Every line from the one holding "This page presents" through the one holding "- 유튜브는 동영상 콘텐츠 기반으로 높은 수익 가능성" in the data below must be returned exactly, both ends included, with pictures left out and nothing else added.

** DATA BELOW follows **

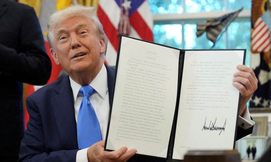 트럼프 대통령은 19일(현지시간) 백악관 집무실에서 H-1B 비자 수수료를 기존 1000달러(약 140만원)의 100배인 10만달러로 올리는 내용의 포고문에 서명했다. 새 수수료 규정은 9월21일 0시1분부터 발효한다.
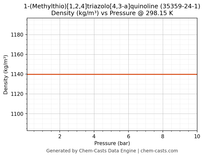 This page presents the pressure-dependent thermodynamic and transport properties of 1-(Methylthio)[1,2,4]triazolo[4,3-a]quinoline (CAS 35359-24-1) calculated at a constant temperature of 298 K (25 °C) over the pressure range 0.10-10 bar.
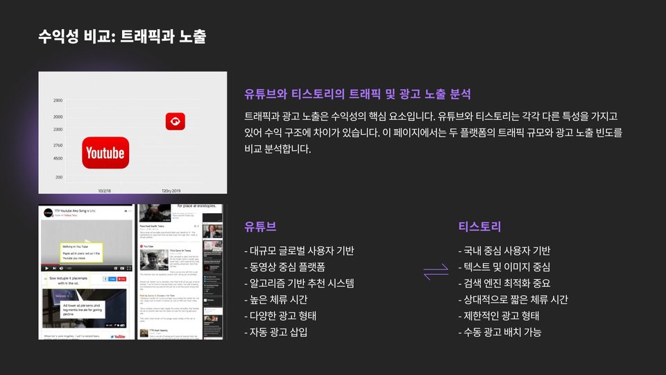 - 유튜브는 동영상 콘텐츠 기반으로 높은 수익 가능성
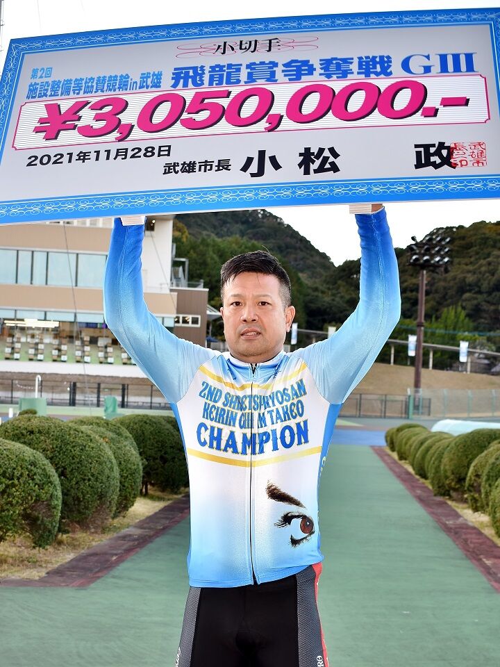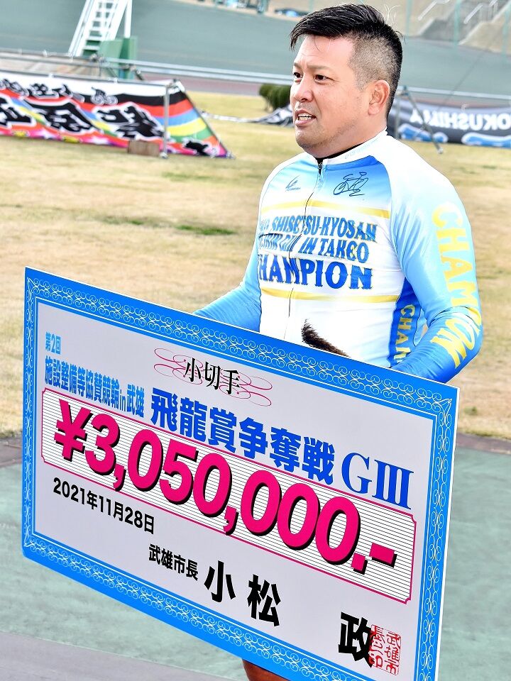 武雄競輪「G3・施設整備等協賛競輪・飛龍賞」はきょう(28日)、12Rで決勝戦が行われ、(1)荒井崇博(43)=佐賀・82期・S1=が最終バック6番手からまくって1着。2019年4月の武雄記念以来、通算16回目、地元で5回目となるG3優勝を飾り、賞金305万円を手にした。番手まくりを敢行した(4)松岡辰泰(熊本)が2着に入り、荒井を追走した(6)五十嵐力(神奈川)は3着だった(本紙HPに記事あり)。

** End of DATA BELOW **

TASK SOLUTION:
 This page presents the pressure-dependent thermodynamic and transport properties of 1-(Methylthio)[1,2,4]triazolo[4,3-a]quinoline (CAS 35359-24-1) calculated at a constant temperature of 298 K (25 °C) over the pressure range 0.10-10 bar.
 - 유튜브는 동영상 콘텐츠 기반으로 높은 수익 가능성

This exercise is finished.